Center For UN Reform Education
July 3, 2005

The debate over reforming the Security Council is unfolding quickly at the United Nations. Some member states fear that they may be called into a special session as early as the middle of June on a resolution calling for the expansion of the Council by adding six permanent seats. Kofi Annan's legacy depends on the success of the implementation of the reform package but he alone can hardly make a difference particularly if the majority of member states view the vote as power play by Germany, Japan India and Brazil for permanent membership. Unless the major players reach a compromise, hopes to reform the Security Council might diminish even before the Heads of State Summit in September. Who are the major players in this process? What are the proposals they are opting for? Are they close to a compromise?


Players: Group of Four (G4) and the Coffee Club

Since the release of the two models by the Secretary-General's High Level Panel's Report in December, two major blocks took shape at the United Nations. Those who favor expansion in permanent category, namely the Group of Four (G4) composed of Germany, Japan, India and Brazil; and those who favor expansion only in non-permanent category, namely the Coffee Club. They are known as the Coffee Club because it is reminiscent of the powerful lobby opposing the expansion of permanent membership in the early 1990s. Under the leadership of Italy, Coffee Club is resurrected this time as the Uniting for Consensus movement and is calling for a consensus before any decision is reached on the form and size of the Security Council. The G4 argues significant changes can take place only through a vote and that seeking consensus is an excuse for inaction. In 1965 when the Council was expanded from 11 to its current composition of 15 members, it was made possible through a 1963 vote for Charter amendment not consensus. That's why G4 circulated a new draft resolution on May 16, calling to expand the Council by adding six permanent and four non-permanent seats and could call upon the member states to vote in a special session. This could be the breaking or making moment in the efforts to reform the Council.

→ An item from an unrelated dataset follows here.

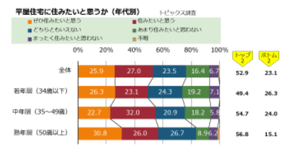 住宅購入にあたり、居住形態の意識変化も顕著となった。平屋への居住意向を聞いたところ、「ぜひ住みたい」、「住みたい」の合計は52.9%と半数を超えた。

In order to enlarge the Security Council, the UN Charter needs to be amended. Only by attaining a two- thirds majority in the 191 member Assembly, which translates into 128 votes, can a Charter Amendment be submitted to the national governments for ratification. Can G4 resolution collect the necessary 128 favourable votes? Approximately 140 member states attended the last G4 meeting and 115-119 were at the Coffee Club meeting; though attendances at these meetings need not translate into support for any model. At the UN one can't really tell who is going to vote for what until the actual vote takes place. What we know for sure is that Pakistan opposes India's bid for a permanent seat; Mexico and Argentina oppose Brazil's; and Chinese leaders made no secret of their opposition to Japan's permanent membership.

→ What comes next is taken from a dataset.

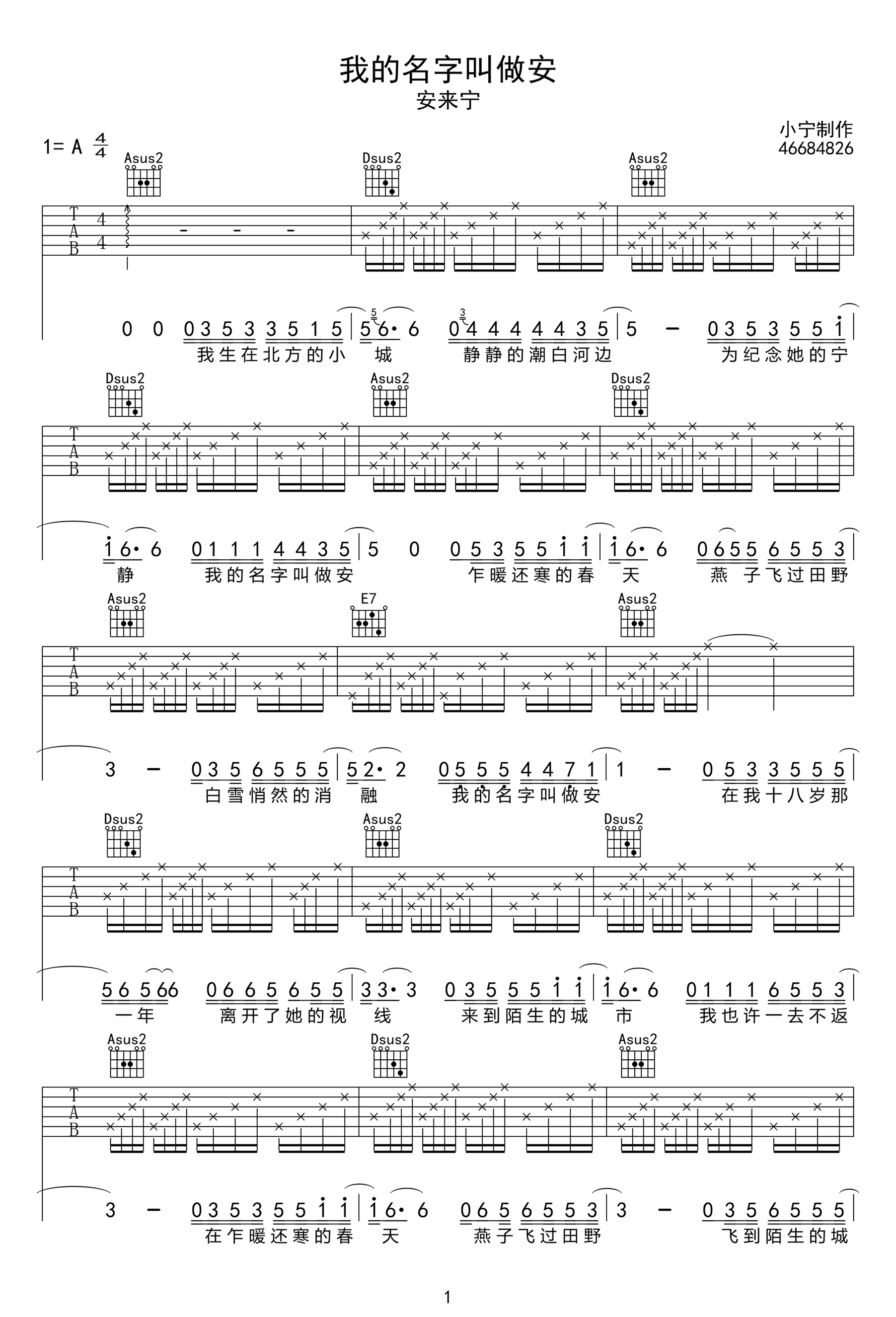吉他安来宁《我的名字叫做安》吉他谱 - 小宁编配

Proposals: Permanent or non-permanent models?

The principal question facing the member states is whether they want expansion in the permanent or only in the non-permanent category. The Secretary General endorsed the two proposals made in the High Level Panel's Report but said he was open to "any other viable proposal in terms of size and balance that have emerged on the basis of either model". Model A and Model B proposed by the Panel both expand the Council to 24 members from 15. Model A does it by adding six permanent seats; Model B by creating eight new four-year renewable terms for non-permanent members. Many member states are concerned that adding more permanent seats to the Council would not comply with democratic principles of equality and view such a move as a step backwards.

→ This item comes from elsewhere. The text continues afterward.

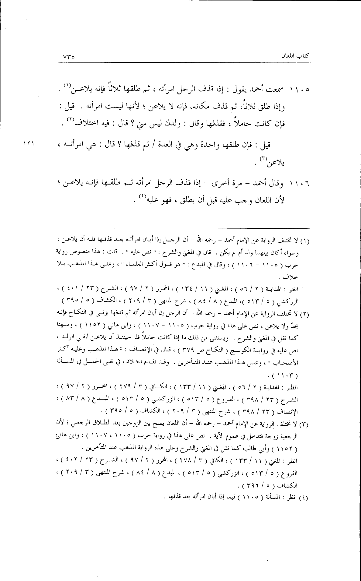 وقال أحمد مرة أخرى: إذا قذف الرجل امرأته ثم طلقها فإنه يلاعن، لأن اللعان وجب عليه قبل أن يطلق فهو عليه.

Another issue the member states have been tackling relates to the question of how to group the countries in their elections to the Council. High Level Panel's Model A and B replaced the five customary regional groupings (Asia, Africa, Latin America and Caribbean, Eastern Europe, Western Europe and Other States) with four continental groupings (Asia and the Pacific, Africa, the Americas and Europe). If the new continental geographical distribution were to beimplemented, the number of seats allocated to the small powers, especially in Eastern Europe, would be significantly reduced. For this reason, Coffee Club put forward two new proposals, the Green and Blue Models, which expands the Council only in the non-permanent category although Blue Model provides for some longer terms. Both however, maintain the traditional regional groupings.

The model submitted to the member states in a draft resolution by G4 is also designed according to the regional groupings and adds an extra non-permanent seat for Eastern Europe. The problem with G4's resolution is that it may force the member states to make a difficult choice too early. Since not every country who favors a permanent seat for Japan and Germany is sympathetic to India, Brazil or an African country's having one, they might end up awarding permanent seats only to Japan, Germany ruling out India, Brazil and Africa's bid for permanent membership. If the Council were expanded only to include Germany and Japan in permanent capacity, then the cohesiveness of the UN could fall apart and the credibility of the Security Council would be threatened. If the Council expands to include all six requested permanent seats, then the Council expands too much in the permanent category, considering that a truly democratic model would eliminate privileged representation, not expand it.

Settling this dilemma may lie in a compromise that can be reached if the member states agreed to expand the Council only in the non-permanent category, by creating a new tier for big economic powers to be represented in the Council in longer terms, but not permanently. Although adding new tiers to the Council is not an ideal form of reform, it could offer a stopgap solution until year 2020 when the changes would be put for review. A New Model C put forward by Professor Hoffmann and the Blue Model put forward by the Coffee Club outline possibilities of how this might be done (for more on the Security Council Models, see Special Paper no. 4, May 2005, available at http://www.centerforunreform.org).

Next step

Annan's entire reform package will be put to the test at a summit of world leaders in September 2005. Getting 191 leaders to agree on a model for the Security Council will not be easy. Yet, the diplomacy machine is at work and the Secretary-General, an important player in the process, is unceasingly promoting the idea that the time is ripe to reform the Security Council. Supposedly the G4 have lined up a two-thirds majority for their framework draft resolution calling for the addition of new permanent seats to the Council, but it is doubtful they can hold on to that once they get down to the specifics of the agreement. The U.S. > position will be consequential in determining the fate of the G4 resolution. Although the United States favoring one proposal over another is unlikely, it still has an important role to play. What matters in the U.S. position is whether it will take the leadership role and push the two groups into a compromise, or leave it up to the UN's own mechanism to resolve the political maneuvering.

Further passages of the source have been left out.